Built-in AI lets customers put their databases on auto-pilot, with features that are trained on millions of databases to optimize performance and security on their behalf. As the apps run, the database continuously learns their unique patterns, adaptively tuning performance and automatically improving reliability and data protection. Features like automatic tuning and advanced data security are on the job 24×7, so customers can focus more on driving their business than managing their databases.

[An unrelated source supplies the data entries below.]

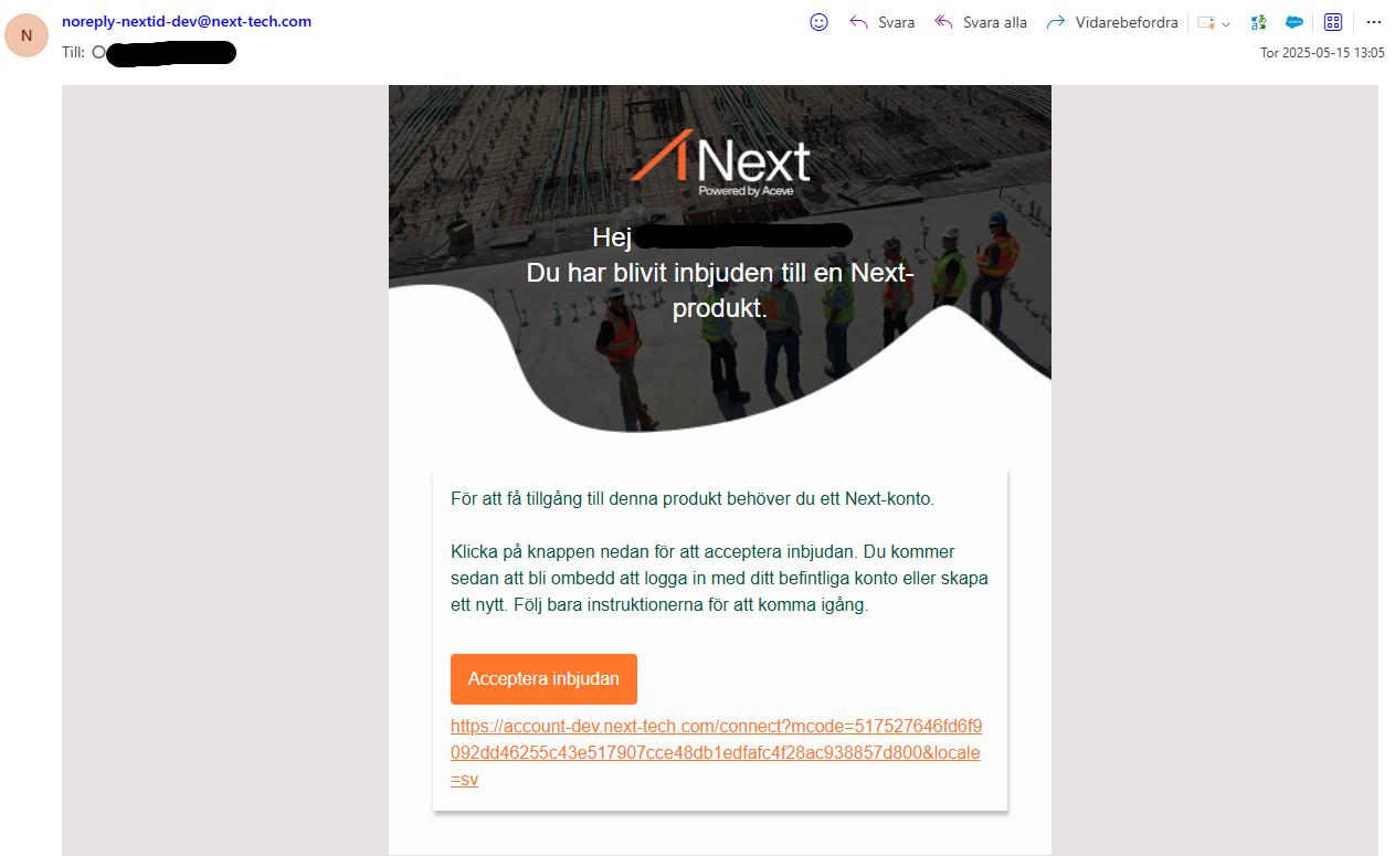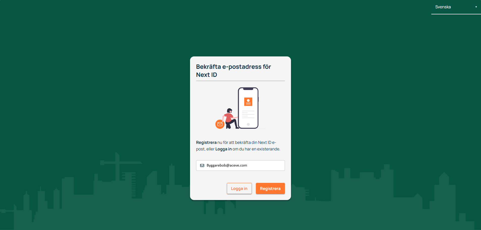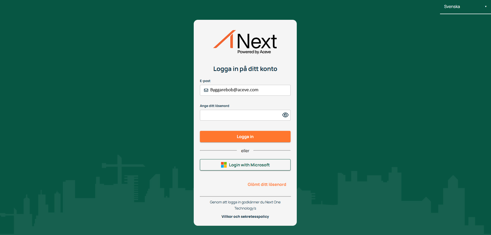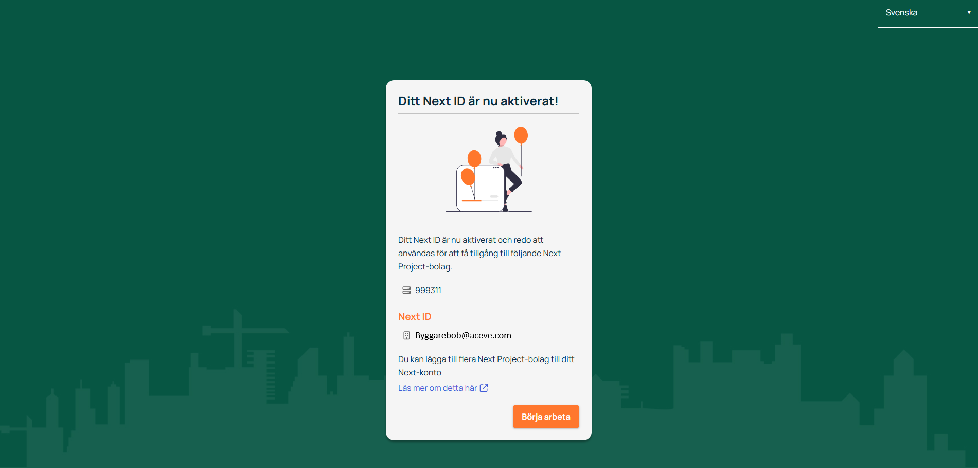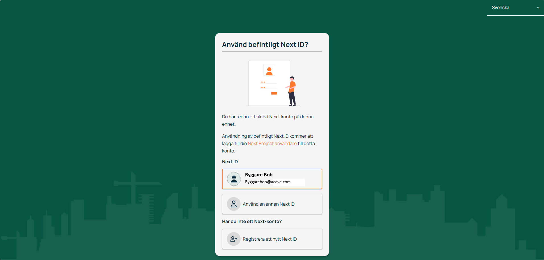 Vid aktivering av One login på en Next Projectdatabas kommer alla användare behöva gå igenom en registreringsprocess för att skapa sitt nya Next ID. Next ID är ett globalt konto som användaren äger själv (inte företaget).
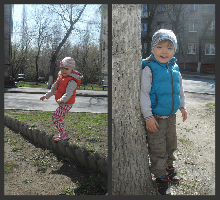Прогулки с малышамиНа улице +20 и мы разделись!!!!!!!!!! Как я уже устала от зимней одежки! Всех с теплом, солнышком и ВЕСНОЙ!!! А там и лето
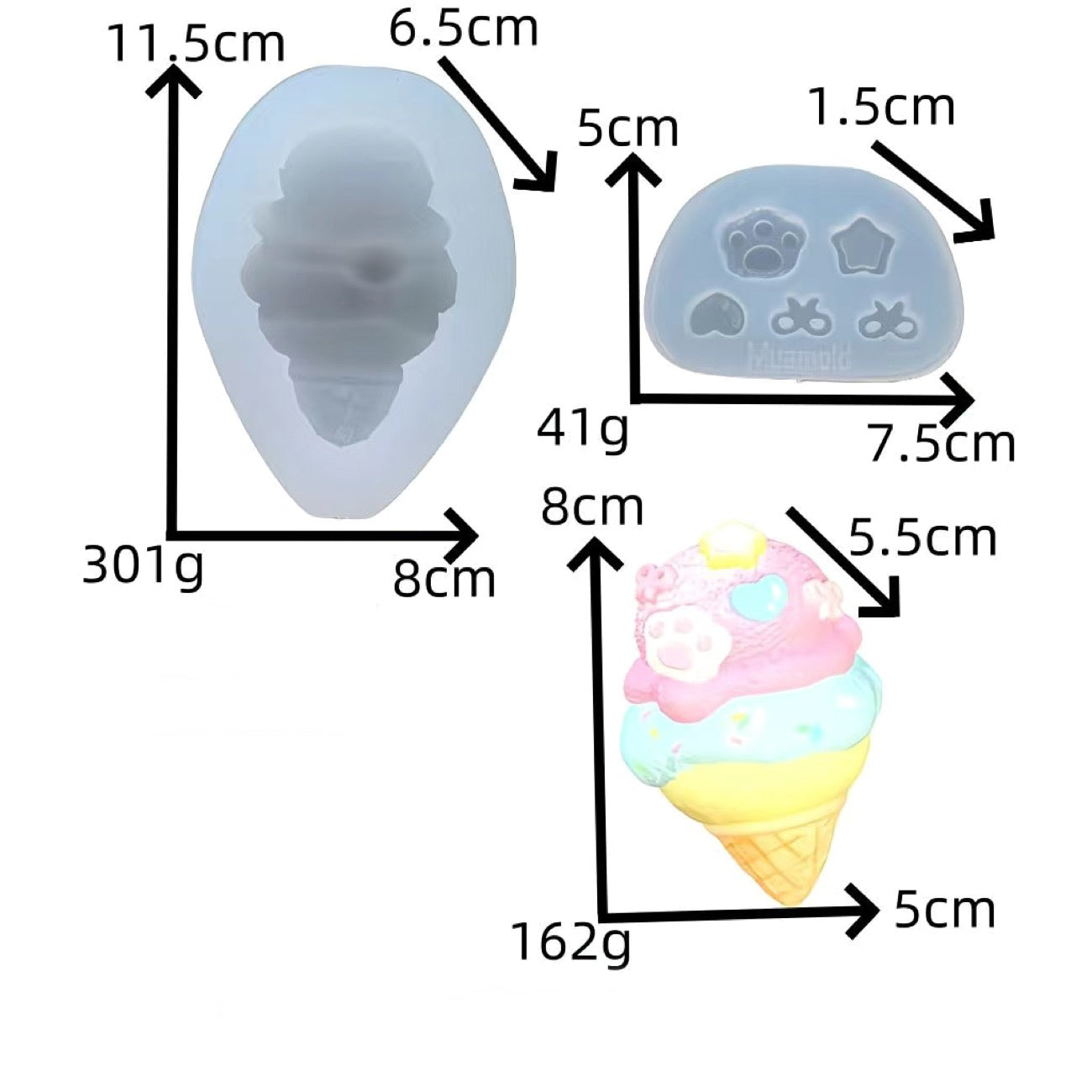 【例:かわいい動物シリーズ(子熊、うさぎ)】、【例:美味しそうなフードシリーズ(ハンバーガー、ドーナツ)】、【例:ミニマル図形シリーズ(立方体、星星)】など、お好みの鋳型をお選びいただけます。

“Azure SQL Database requires minimum management effort and it is scalable, a must for our type of applications. The ‘Intelligent Performance’ monitoring with its Recommendation engine and its Query Performance Insight is like having a DBA on staff, 24×7, looking at optimizing our database. We could not have it done better!” Cezar Nasui, Director – Operations and Special Projects, Centris

SQL Database provides enterprise-grade reliability with industry-leading availability guarantees, up to 99.995 percent. It also provides the only 100 percent business continuity SLA in the industry for a relational database service. With built-in high availability using Always On technology, these guarantees represent our commitment to ensuring customers’ data is safe and the applications and processes their businesses rely upon continue running in the face of a disruptive event.

Get started with SQL in Azure

SQL databases are simply best on Azure, making it the natural destination for customers to help secure and modernize their SQL Server databases. Learn more about why SQL Server is best on Azure or get started for free.

1Price-performance claim based on data from a study commissioned by Microsoft and conducted by GigaOm in August 2019. The study compared price performance between a single, 80 vCore, Gen 5 Azure SQL Database on the business-critical service tier and the db.r4.16xlarge offering for SQL Server on AWS RDS. Benchmark data is taken from a GigaOm Analytic Field Test derived from a recognized industry standard, TPC Benchmark™ E (TPC-E), and is based on a mixture of read-only and update intensive transactions that simulate activities found in complex OLTP application environments. Price-performance is calculated by GigaOm as the cost of running the cloud platform continuously for three years divided by transactions per second throughput. Prices are based on publicly available US pricing in East US for Azure SQL Database and US East (Ohio) for AWS RDS as of August 2019. Price-performance results are based upon the configurations detailed in the GigaOm Analytic Field Test. Actual results and prices may vary based on configuration and region.